At Feinberg’s frequent town hall meetings along the Gulf Coast, he reminds potential claimants that they do not need a lawyer to take their claim to his fund.
He has argued that his fund will pay sooner and more generously than federal courts, and he and BP both regularly describe him and the fund as “neutral” or “independent.”
So far, about 87,000 have accepted a settlement of their claims. Each one of those settlements comes with an agreement not to sue, potentially chipping away at the number of lawsuits.
Barbier ruled that BP must tell claimants they have the right to consult an attorney and explain they have the right to join the hundreds of pending lawsuits if they do not accept a final settlement.
The judge also said the court may take action to cure miscommunication, and an attorney representing spill claimants said that could lead to those 87,000 settlements being re-examined.

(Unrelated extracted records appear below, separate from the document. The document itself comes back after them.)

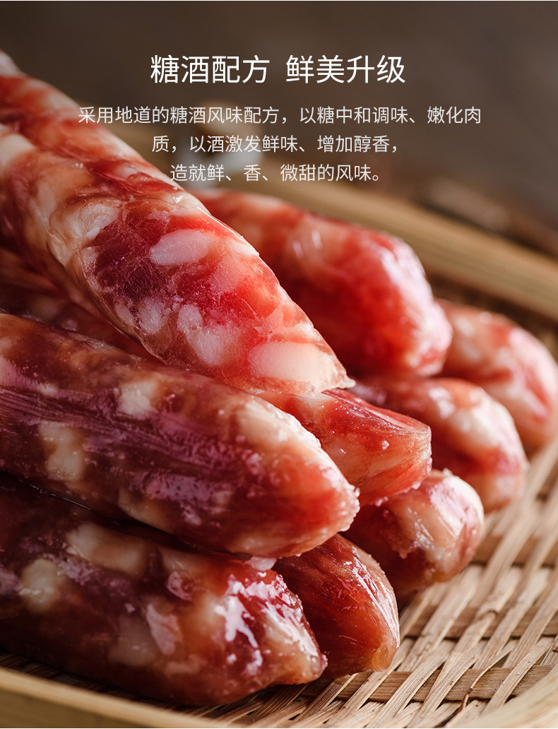 - 豬肉、白砂糖、大豆蛋白、食用鹽、白酒、膠原蛋白腸衣、味精、食品添加劑(甜菜紅、紅曲紅、亞硝酸鈉)
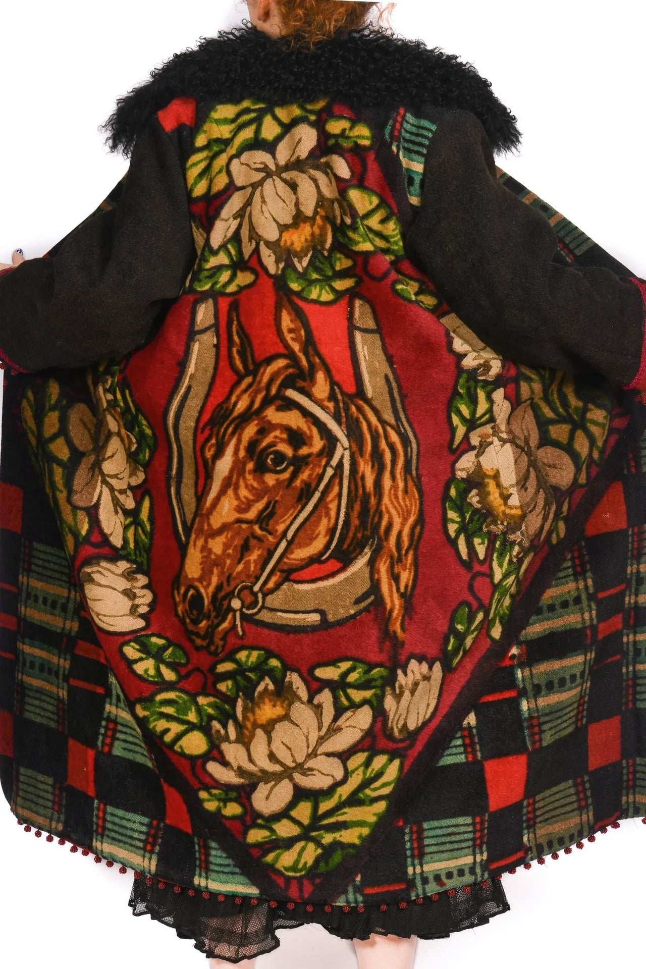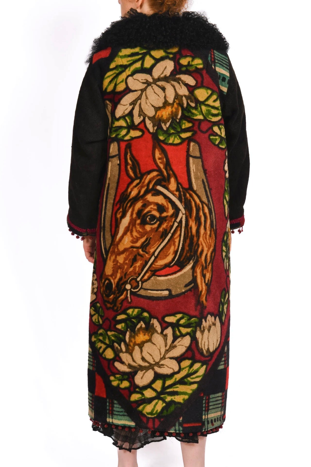 Step into a realm of timeless luxury with this one-of-a-kind bespoke coat, meticulously crafted from an antique buggy or sleigh lap blanket by the esteemed Chase Company, renowned for its exquisite textile artistry in New York from 1890 to 1920. This remarkable piece captures the essence of equestrian beauty, showcasing a stunning print of horseshoes that gracefully encircle a magnificent, bridled stallion, whose flowing mane suggests both grace and power. The deep plum backdrop serves as a striking canvas for the intricate leafy magnolia garland that frames the scene, accentuated by vibrant greens, creams, and teals, creating a harmonious blend of color and texture.
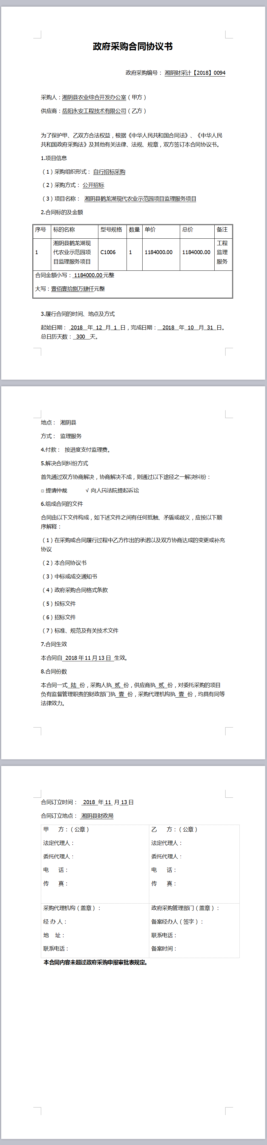 湘陰縣鶴龍湖現(xiàn)代農(nóng)業(yè)示范園項(xiàng)目監(jiān)理服務(wù)項(xiàng)目合同公示
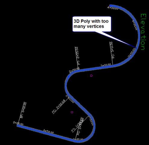 Now turn the 3D polyline into a feature line, go ahead and weed the feature line. You will want to make the lengths long enough to get rid of all of the PI's along the tangents to minimize the number of structures that we won't need. Now fit the curves, if you have any.
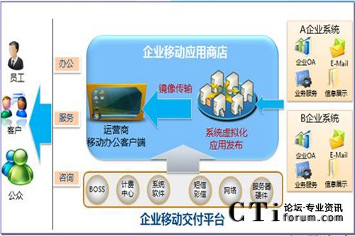 如果在政府或企業(yè)在內(nèi)網(wǎng)部署“移動(dòng)應(yīng)用交付平臺(tái)”,即可充分利用現(xiàn)有運(yùn)營商網(wǎng)絡(luò)渠道服務(wù)的能力,從而實(shí)現(xiàn)政府或企業(yè)的“移動(dòng)辦公”要求。

“It’s not a can of worms. It’s a 55-gallon drum of worms,” said Kevin Dean of the Motley Rice law firm in South Carolina. He said his firm would immediately begin contacting clients who had accepted settlements with Feinberg’s fund to “tell them of their rights.”
Mike Steenson, a professor at William Mitchell College of Law in St. Paul, Minnesota, said the judge appeared to stop short of ordering all settlements to be revisited.
“Even if claims are reopened it doesn’t mean that people who have settled would reject an acceptable settlement,” Steenson said.
The fund was set up last year at the urging of the White House after millions of barrels of oil poured into the Gulf following an explosion on a BP rig. The spill damaged the fragile wetlands of Louisiana and hit fishing and tourism businesses in Mississippi, Alabama and Florida.
The fund has so far disbursed around $3.5 billion.
The ruling comes just hours after Feinberg unveiled his proposals for final settlements of claims caused by the spill, the largest in U.S. history.